RD Larson: No, I think science fiction is stranger than truth. I also think that strangers are not truthful and sometimes they are fiction-type characters.


SMW: When do you find writing is easiest, in the morning or in the evening? And, why?
RD Larson: I write mostly at night, after ten, when I'm very conscious of images in my mind and lurking in the forests of my dreams. In the morning I answer emails and do rewrites. In the afternoons I do research and "tweaking" for my stories.


SMW: How do you feel this economy will affect the publishing industry in the next five years?
RD Larson: I actually think more people will use their hand-helds, like mini-computers and cell phones to read short stories or chapters. It's easier and it's instant. The reader doesn't have to wait for the book to arrive by carrier pigeon or drive to the library. I like to think it's a straight shot from the mind of the author to the mind of the reader. They have a contract. The writer promises to write the best story he/she can; the reader promise to open his/her mind to the story, put belief aside, preconceptions aside, and live in the story. If the reader is satisfied with the story than the writer has done her work. Or his work. That's what I call my deal with my readers.

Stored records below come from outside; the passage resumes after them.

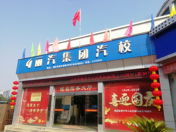鮮艷的五星紅旗懸掛在汽校報名注冊中心大門頂端,四周插著五顏六色的旗幟,在藍天的映襯下顯得格外耀眼。大門兩側,兩排喜慶的紅燈籠隨風搖曳,烘托著祥和的節日氛圍。LED屏上,“熱烈慶祝中華人民共和國成立70周年”、“祝愿偉大的祖國永遠繁榮昌盛”的標語滾動播放,氣氛濃厚。“喜迎國慶”的巨大金色標語和汽校“傳授技藝、傳承平安”核心價值的巨幅廣告相互輝映,相得益彰。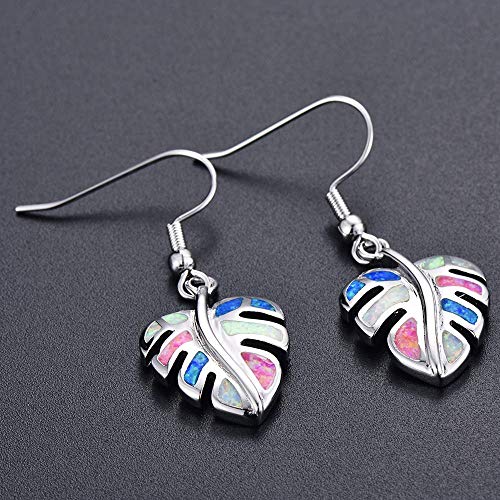 Purmy PlacGattao in oro bianco donne Orecchini pendenti con Opale colorato,Regalo a forma di cuore a forma di cuore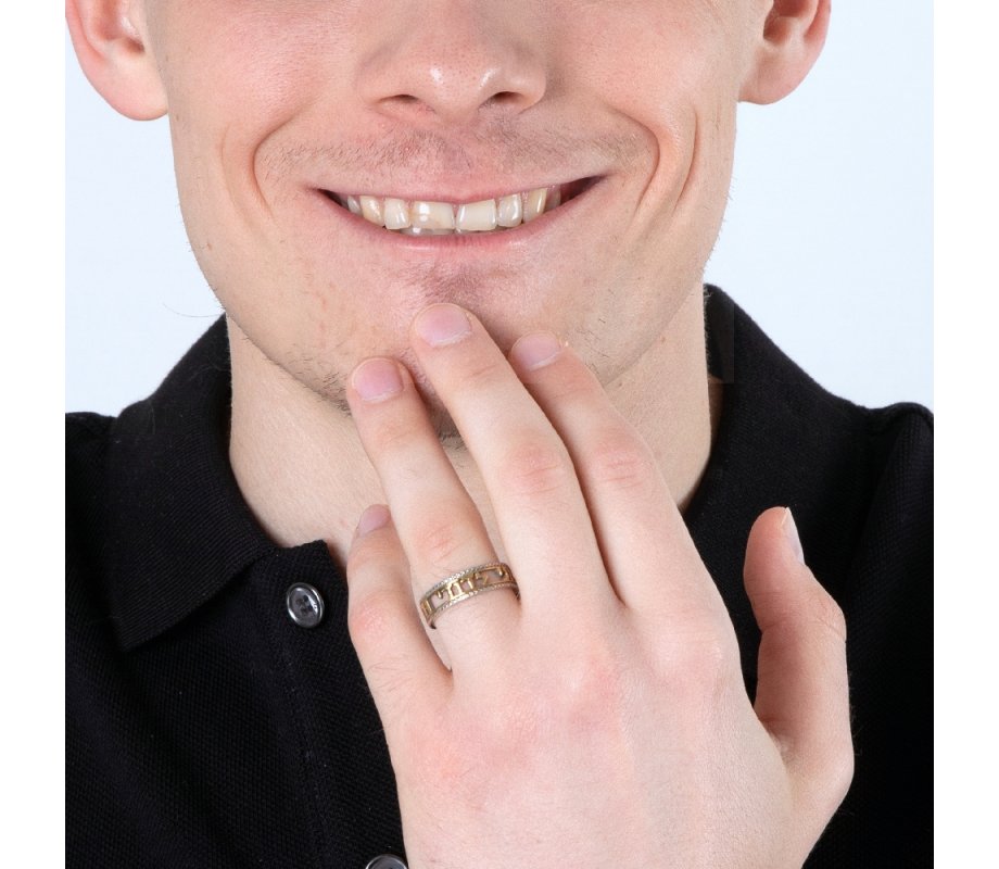 Express your love and devotion with this magnificent 925 sterling silver ring of faith. Around the ring, in a beaded frame, are elegant gold plate Hebrew letters spelling out the words "Ani LeDodi veDodi Li" in a cutout design. On the ring's interior is the English translation: I am my beloveds and my beloved is mine. For men or women.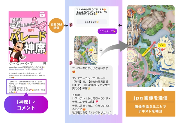ディズニー攻略情報は、文字だけでは伝わりにくい場面も多いことから、画像や動画を自動送信するメディア応答機能を活用。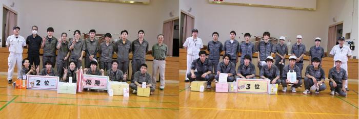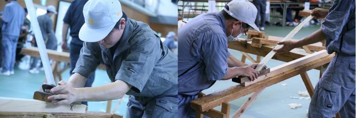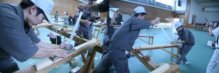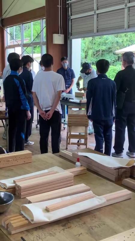 当日は気温も高く、競技会場は熱気に包まれ、熱中症対策を講じながらの競技となりました。競技は午前中に団体戦の予選、午後から団体戦決勝と個人戦が行われました。削る材料は予算と技量の都合で、「削ろう会」公式ルールの半分の長さとし、地元のヒノキ材を使用しました。団体戦は、全科から8チーム(54名)がエントリーし、制限時間内のチームの平均記録で競いました。また、団体予選はルール改正した昨年同様、各学年の予選総合1位と2位のチームが決勝に進出することに。これにより1年生も決勝戦に上がれるチャンスが生まれる一方、2年生は予選で潰しあうとういう過酷なものに…。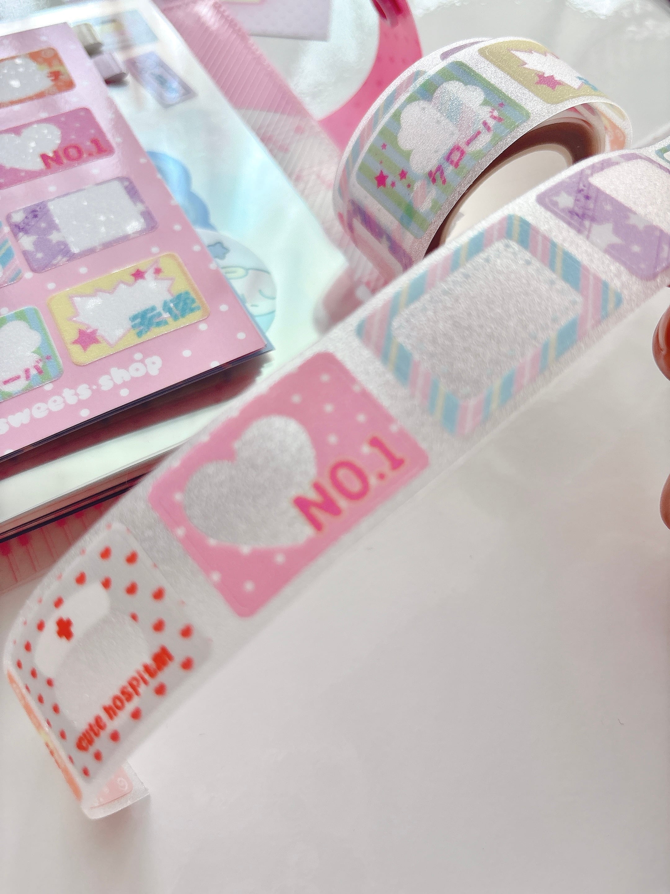 プリクラのようなデザインのフレームステッカー(7種類の絵柄)がロールステッカーになっているので、たくさん使用できるお得なアイテムです!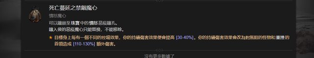 可以鑲嵌至珠寶中的憤怒惡疫鑲孔。鑲入後的惡疫魔心只能替換,不能移除。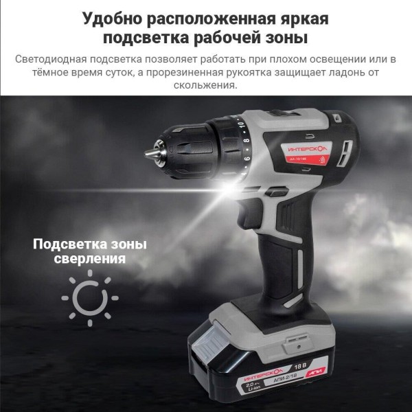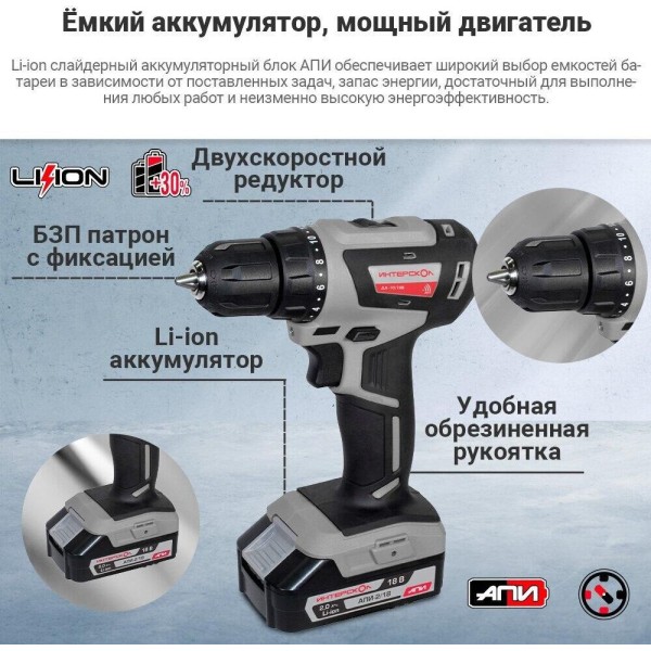 Дрель-шуруповерт ИНТЕРСКОЛ ДА-10/18В МиниМАКС бесщеточная аккумуляторная дрель-шуруповерт Li-ion АПИ (кейс, 2 аккум. 2Ач, ЗУ)

SMW: When you start a new story do you start with a character or a setting?
RD Larson: Neither. I start with a conversation that I either hear or imagine. Then I begin to wonder what happened after the words. What action occurred because of those words? That's the story or at least part of the story.


SMW: In your opinion, how is an author responsible to his or her reader?
RD Larson: A writer is either going to write for the reader or for himself. If he writes for himself, he may love his work. But he will be lonely. A story is meant to be shared. An author wants to tell about a piece of life, an accident or an event, where things went wrong, and what the character thought or desired or did. If the writer does it well then the reader will like it. If not ,the reader puts it away and forgets the writer's name.


SMW: What is your writing studio like?
RD Larson: It's a mess. Disks and paper, my dog, and files -- everything around but I know where every single thing is. So I don't mess with the mess.


SMW: Do you find it difficult to write during any particular seasons?
RD Larson: No, I write all four seasons, all year around, including holidays and weekends. A day without writing is a day without worth for me.


SMW: What are some of your favorite words?
RD Larson: Words like blithe, auspicious, bastard and squirm are a few of my favorite words. The other words I like start with l like livid, lost, levitated, lethal and love.


SMW: Do you study other languages?
RD Larson: Oh kind of. French and also some Latin. And dialects. It isn't good to write in dialects because it's too hard to read. I just sprinkle a word in here and there. My mother used the work "poke" to mean a bag. It's a southern word but I never have had the opportunity to use it in a story. Yet.


SMW: Why do you suppose you feel the need to write?

RD Larson: I am driven by unknown and unseen forces from distant and nearby galaxies and books that I've loved and readers that I have loved back and because I don't want to do anything else (much!) except write.